|Location||Lower Silesian Voivodeship|
|Max. length||7 km (4.3 mi)|
|Max. width||1 km (0.62 mi)|
|Surface area||1.4 km2 (0.54 sq mi)|
|Water volume||15,000,000 m3 (530,000,000 cu ft)|
Lake Leśnia (Polish Jezioro Leśniańskie, German Marklissa-Talsperre) is a small artificial lake, located on the Kwisa river, between towns of Leśna and Gryfow Slaski in Lower Silesian Voivodeship, southwestern Poland. It was opened on July 15, 1905, after a dam had been completed near the village of Czocha. The dam was constructed between 1901 - 1905, by the government of Kingdom of Prussia’s Province of Silesia.

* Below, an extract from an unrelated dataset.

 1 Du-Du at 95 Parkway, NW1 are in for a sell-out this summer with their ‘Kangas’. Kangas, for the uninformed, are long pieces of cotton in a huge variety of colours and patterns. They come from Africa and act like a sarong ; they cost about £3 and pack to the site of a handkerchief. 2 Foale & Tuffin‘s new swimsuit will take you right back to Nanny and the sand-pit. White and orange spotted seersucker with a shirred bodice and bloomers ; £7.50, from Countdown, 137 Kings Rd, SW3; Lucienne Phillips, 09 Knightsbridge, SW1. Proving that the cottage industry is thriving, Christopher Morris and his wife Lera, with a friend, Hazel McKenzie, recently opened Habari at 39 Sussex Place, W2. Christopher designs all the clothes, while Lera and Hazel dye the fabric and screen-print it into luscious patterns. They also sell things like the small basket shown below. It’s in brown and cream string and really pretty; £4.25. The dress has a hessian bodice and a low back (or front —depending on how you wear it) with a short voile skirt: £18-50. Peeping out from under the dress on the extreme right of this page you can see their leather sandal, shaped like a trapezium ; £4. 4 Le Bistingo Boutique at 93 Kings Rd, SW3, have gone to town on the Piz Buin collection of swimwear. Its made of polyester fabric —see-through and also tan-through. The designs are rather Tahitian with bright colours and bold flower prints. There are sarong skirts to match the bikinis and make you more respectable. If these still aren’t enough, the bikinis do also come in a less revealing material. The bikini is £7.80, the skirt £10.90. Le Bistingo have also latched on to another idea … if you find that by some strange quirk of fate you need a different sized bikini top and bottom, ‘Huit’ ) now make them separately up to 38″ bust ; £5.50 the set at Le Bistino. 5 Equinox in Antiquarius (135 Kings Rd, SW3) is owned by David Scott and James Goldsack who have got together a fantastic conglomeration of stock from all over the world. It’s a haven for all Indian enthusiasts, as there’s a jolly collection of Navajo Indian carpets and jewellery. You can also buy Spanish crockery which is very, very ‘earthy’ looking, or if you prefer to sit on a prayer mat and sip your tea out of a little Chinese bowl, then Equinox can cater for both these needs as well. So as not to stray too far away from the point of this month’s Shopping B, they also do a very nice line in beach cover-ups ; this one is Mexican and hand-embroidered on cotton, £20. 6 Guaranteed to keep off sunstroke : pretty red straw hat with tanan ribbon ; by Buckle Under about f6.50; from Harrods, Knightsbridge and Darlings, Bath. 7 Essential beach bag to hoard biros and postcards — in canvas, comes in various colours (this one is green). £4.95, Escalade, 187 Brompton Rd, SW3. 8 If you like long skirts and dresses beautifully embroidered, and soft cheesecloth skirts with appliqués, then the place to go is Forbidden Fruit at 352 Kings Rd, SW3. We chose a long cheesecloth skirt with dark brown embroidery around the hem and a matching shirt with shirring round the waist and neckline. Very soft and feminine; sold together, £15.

Most workers employed during construction came from Austria and Italy, and total cost was estimated at 1,270,00 reichsmarks. The dam is 45 m high, its length is 130 m, and its thickness - 8 m on top.

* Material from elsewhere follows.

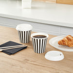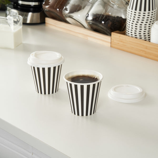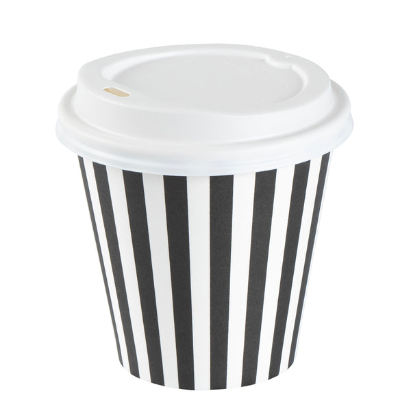 8 OZ BLACK AND WHITE PAPER SINGLE WALL COFFEE CUP - WITH LID

Total area of the lake is 140 hectares, and volume - 15 million cubic metres. The length of the lake is around 7 km, and it is up to 1 km wide. Between 1905 and 1907, a hydroelectric power plant was built there, for 800,000 marks, funded by the government of Silesia. Currently, it is the oldest plant of this kind in Poland, with six J.M.Voith 1906 turbines still working. On the high, left bank of the lake, Czocha Castle is located, and on the right bank, there is the complex of Rajsko Castle. The lake is a popular summer vacation centre, with several campsites and watersports facilities.